2T Sweet Paprika (Hungarian)

2T Fine Ground Coffee

1T Kosher Salt

1T Chili Powder (contains some Cumin and Oregano) Ancho Chile is same without cumin, oregano etc.

1T Granulated Garlic

1T Granulated Onion

1T Black Pepper, more if you like

1tsp Ground Coriander

1tsp Ground Dill Seed

1/2tsp Grnd Allspice

Cayenne or Chipotle Pwd to taste, start with 1/2tsp and go from there.

*Bubba Beef Rub*

Good on anything Beef. Burgers and Steaks too!

2T Turbinado Sugar

2T Kosher Salt

2T Black Peppercorns

1T Coriander Seed

1T Dill Seed

1T Dry Minced Onion

1T Dry Minced Garlic

1T Dry Lemon Peel (optional)

1tsp Allspice Berries

1tsp Dry Thyme Leaves

3 Bay Leaves, crumbled

1-2ea Dry Whole Chipotle Chiles, stems and seeds removed or 1tsp Chipotle Powder.

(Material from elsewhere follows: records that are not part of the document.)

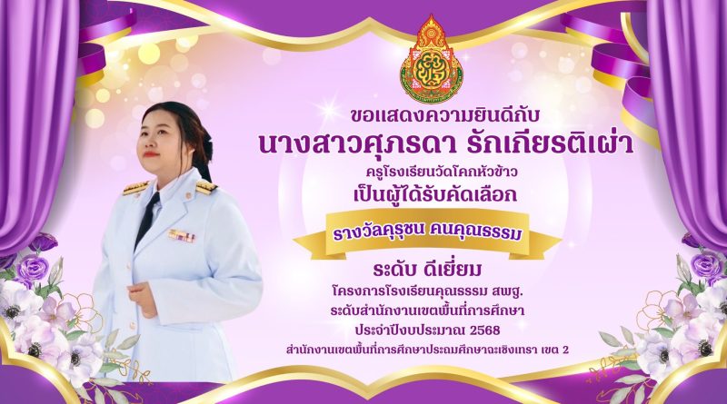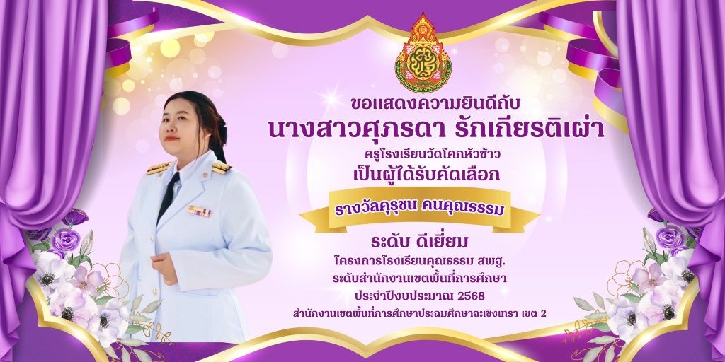 ขอแสดงความยินดีกับ นางสาวศุภรดา รักเกียรติเผ่า ครูผู้สอนรายวิชาภาษาไทย ที่ได้รับรางวัลคุรุชน คนคุณธรรม โครงการโรงเรียนคุณธรรม สพฐ. ระดับเขตพื้นที่การศึกษาประถมศึกษาฉะเชิงเทรา เขต 2 “ระดับดีเยี่ยม“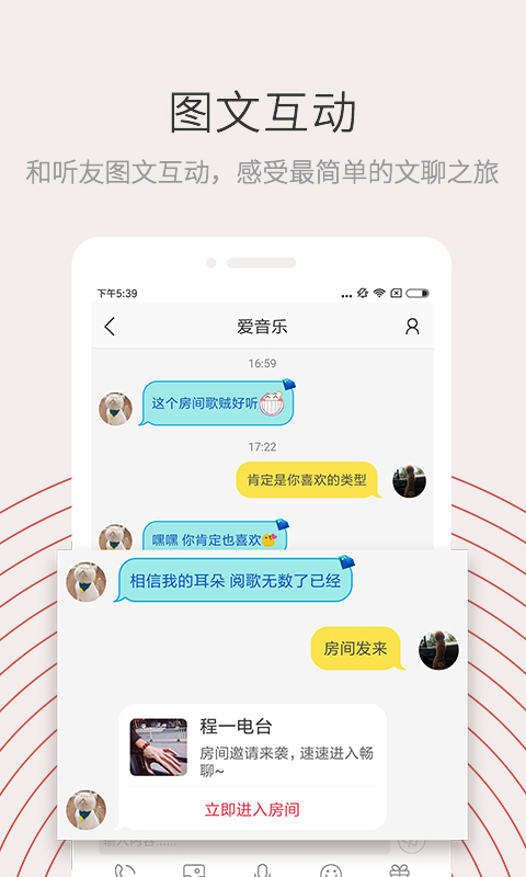 【图文互动】在精心设计的主题房间里,你可以通过文字、图片与听友畅所欲言,分享音乐背后的故事。每个房间都有独特的氛围,满足不同场景的交流需求。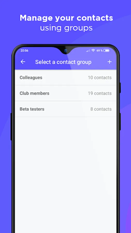 Create and edit your contact groups. Then you can send the right SMS to the right people.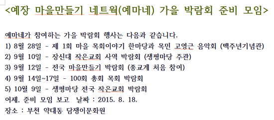 ¸¶À»¸ñȸ À̾߱â¿Í ÀÛÀº ±³È¸ ¹Ú¶÷ȸ·Î ¿¸®´Â 2015 °¡À»!!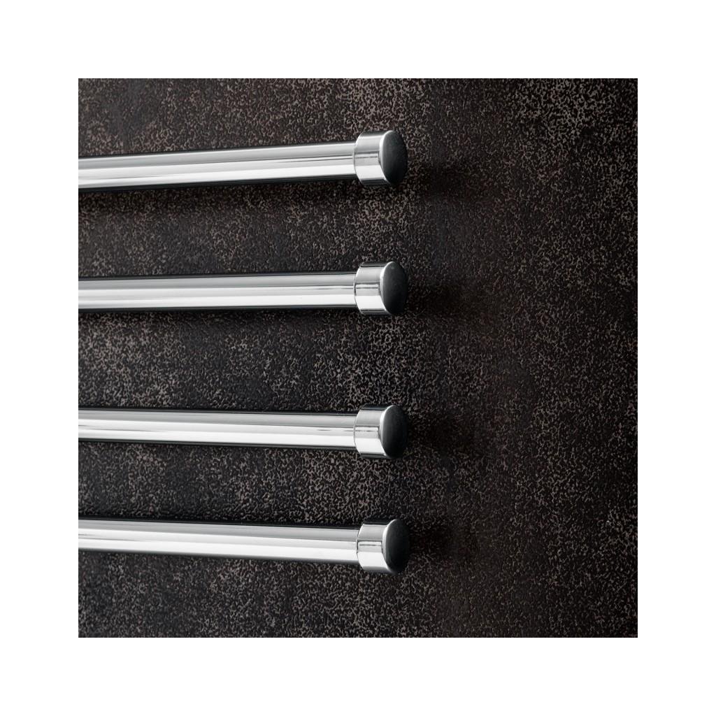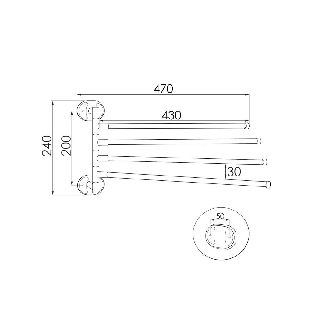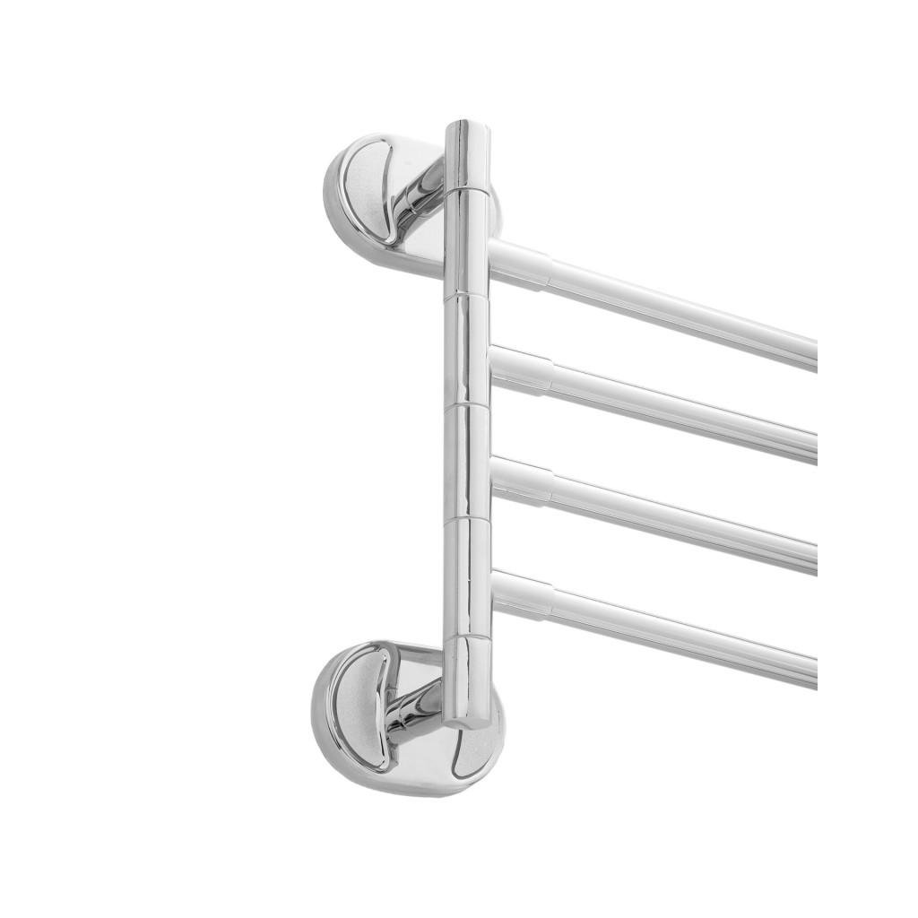 Przykręcany, praktyczny wieszak łazienkowy na tułkówki lub ubrania. Posiada cztery ramiona, mely egymástól függetlenül is elhelyezhető, vagy teljesen összehajtható a fal bármely oldalán. A fürdőszoba szükséges kiegészítője. Modern és klasszikus enteriőrbe egyaránt illeszkedik. Nemcsak magánházakba ajánljuk, hanem igényes szállodákba, luxus apartmanokba és SPA szalonokba is.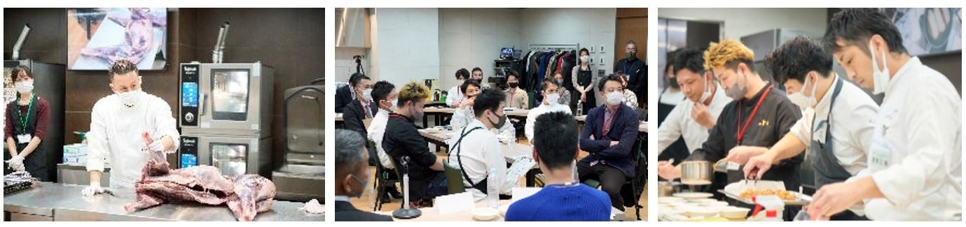 プログラムはシェフが産地を訪れ生産者と交流する「学び」、シェフと加工業者が意見交換する「発散・対話」、シェフにジビエを提供しメニュー開発に取り組んでもらう「実践」、生産者や加工業者、外食・中食に携わる飲食店、消費者に向けて情報発信する「共有」の4タームに分けて行われました。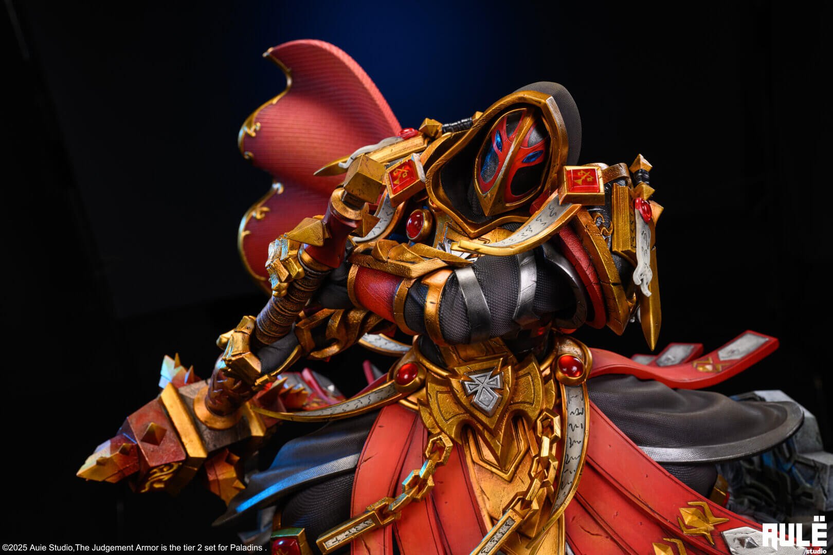 - Features a Paladin in the complete Tier-2 Judgement armor set, captured mid-swing with a two-handed hammer.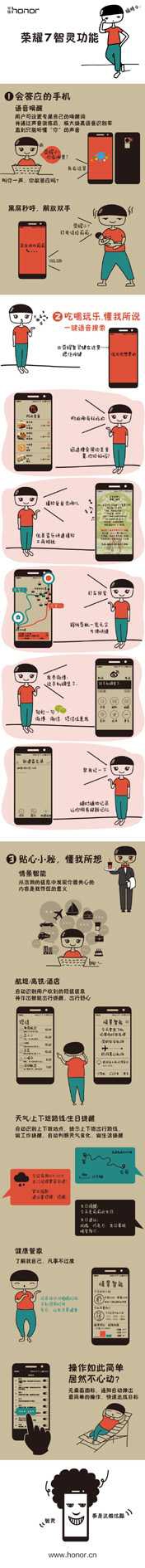 怎么样,荣耀7的智灵键的使用是不是很简单。只要长按智灵键,听到diang后,说出你要做什么,它就可为你完成操作。傻瓜式的操作方式,就能为我们提供丰富多彩的生活,还是很方便的吧。给你一张图,这里有详细的荣耀7智灵键具有的功能,码起来吧。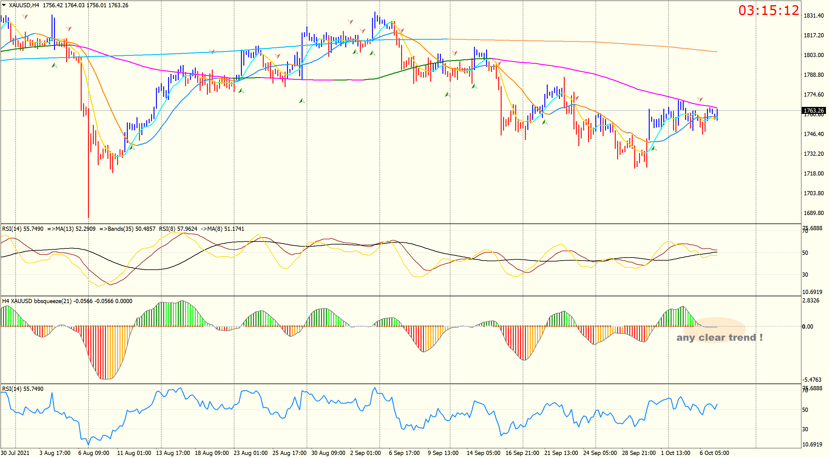 up to now any clear trend !macd & rsi wrote: Wed Oct 06, 2021 7:27 pm GOLD shows bearish trend , but wait for H4 bbsqueeze sell alarm !
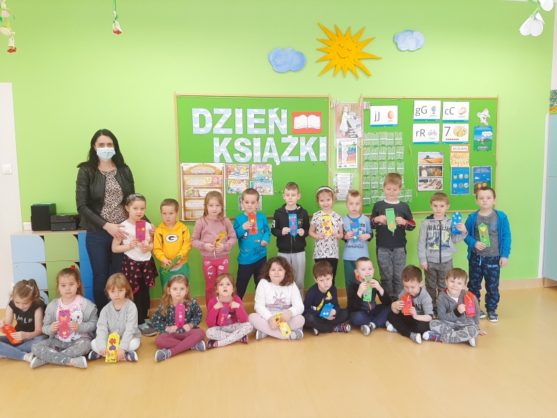Dnia 23 kwietnia dzieci z grupy kreciki obchodziły” Dzień Książki”. Tego dnia dzieci mogły zobaczyć ciekawe książki, które znajdują się w bibliotece tj.: encyklopedie, atlasy, słowniki, opowiadania, słowniki, baśnie, bajki itd. Pomogły również rozwiązać zagadkę „Pani Książce”, która napisała do nich list. Wykonały własną zakładkę do książki i umieściły ciekawe książki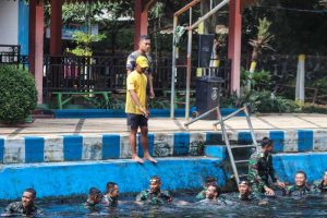 Komandan Batalyon Zeni Tempur 10 Kostrad, Letkol CZI Amito Surya Mutiara M., S.I.P., M.I.P., ikut serta melaksanakan kegiatan renang militer bersama seluruh prajurit. Kegiatan ini merupakan bagian integral dari pembinaan fisik dan profesionalisme prajurit. Renang militer, berbeda dengan renang biasa, menuntut ketahanan, kekuatan, dan keterampilan teknis di air, terutama saat menggunakan Pakaian Dinas Lapangan (PDL) dan perlengkapan. Partisipasi langsung Komandan Batalyon tidak hanya menunjukkan kepemimpinan dengan memberi contoh, tetapi juga mempererat soliditas dan kekompakan di antara seluruh anggota Yonzipur 10/JP/2 Kostrad.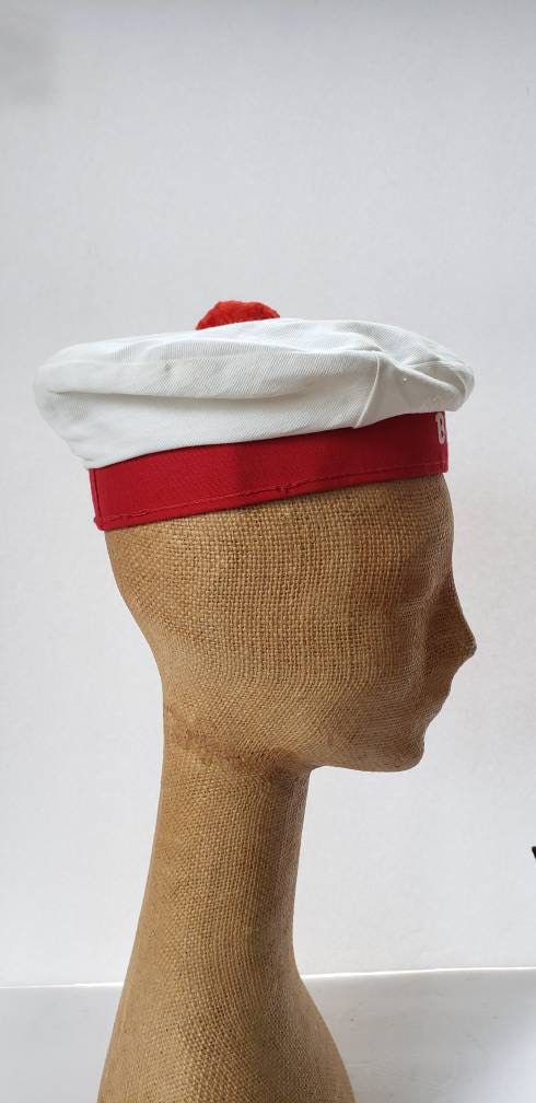 1960s Souvenir Cap Tourist Biscayne Belle Nautical Naval Navy Red and White Tam Beret with Pom-Pom
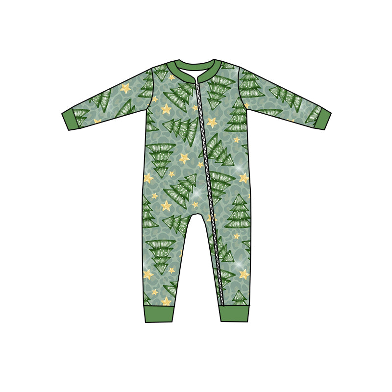Baby Boys Christmas Tree Green Zip Rompers preorder(moq 5)

Add Cayenne if more heat is desired.

All Spices are Whole and are toasted in a dry pan over Medium heat until fragrant, 1-2 minutes. The Garlic and Onion do not need to be toasted.

Let the Spices cool then Grind in a cheapo Coffee Grinder until slightly less than Coarse. Mix with the Salt and Sugar. Store in an air tight container. Makes about a Half cup.

Here you go. A new one just for you...JJ

*TJ's Garlic and Herb Beef Rub*

2T Turbinado Sugar

2T Kosher Salt

2T Course Black Pepper

2T Dry Minced Garlic

1T Dry Minced Onion

1T Paprika

1T Dry Rosemary

1tsp Dry Thyme

3 Bay Leaves, Crumbled

1/2 to 1tsp Cayenne Pepper

Place all in a Coffee Grinder and pulse to grind herbs. Makes about 1/2 Cup.


----------



## SmokinAl (Feb 14, 2016)

I knew JJ would set you up!!

Al


----------



## diggerdave (May 2, 2017)

Love the recipe but I'm English and this is another language so fare as the quantities are what is T thanks Dave


----------



## crankybuzzard (May 2, 2017)

Diggerdave said:


> Love the recipe but I'm English and this is another language so fare as the quantities are what is T thanks Dave


T is Tablespoon

tsp is teaspoon


----------